An overview of medals won by Heiden at important championships, listing the years :

| Championships | Gold medal | Silver medal | Bronze medal |
|---|---|---|---|
| Winter Olympics | – | – | 1980 (3,000 m) |
| World Allround | 1979 | 1980 | – |
| World Sprint | – | 1978 1979 | 1980 |
| World Junior Allround | 1978 1979 | 1976 1977 | – |

===Personal records===
To put these personal records in perspective, the WR column lists the official world records on the dates that Heiden skated personal records.

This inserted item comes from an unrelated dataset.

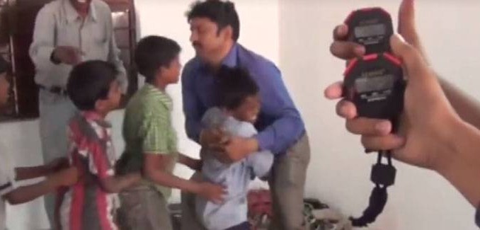 HYDERABAD – Krishna Kumar è noto per essere entrato già tre volte nel Guinness dei Primati. Ora lo ha fatto di nuovo decidendo di abbracciare 79 persone. Si tratta di ragazzi che studiano nella scuola della città iindiana di Hyderabad: Kumar, in realtà ne ha abbracciati 83: i giudici del Guinness presenti sul posto con i cronometri, hanno però ritenuto che alcuni “abbracci” erano più simili a delle “prese al collo”.

| Event | Result | Date | Venue | WR |
|---|---|---|---|---|
| 500 m | 41.78 | 6 March 1980 | Inzell | 40.68 |
| 1,000 m | 1:23.66 | 21 January 1980 | Davos | 1:23.46 |
| 1,500 m | 2:07.87 | 19 January 1980 | Davos | 2:07.18 |
| 3,000 m | 4:32.60 | 21 January 1980 | Davos | 4:31.00 |
| 5,000 m | 8:06.93 | 18 March 1979 | Savalen | none |

Note that the 5,000 m was suspended as a world record event at the 1955 ISU (International Skating Union) Congress and reinstated at the 1982 ISU Congress.

Heiden has an Adelskalender score of 178.529 points.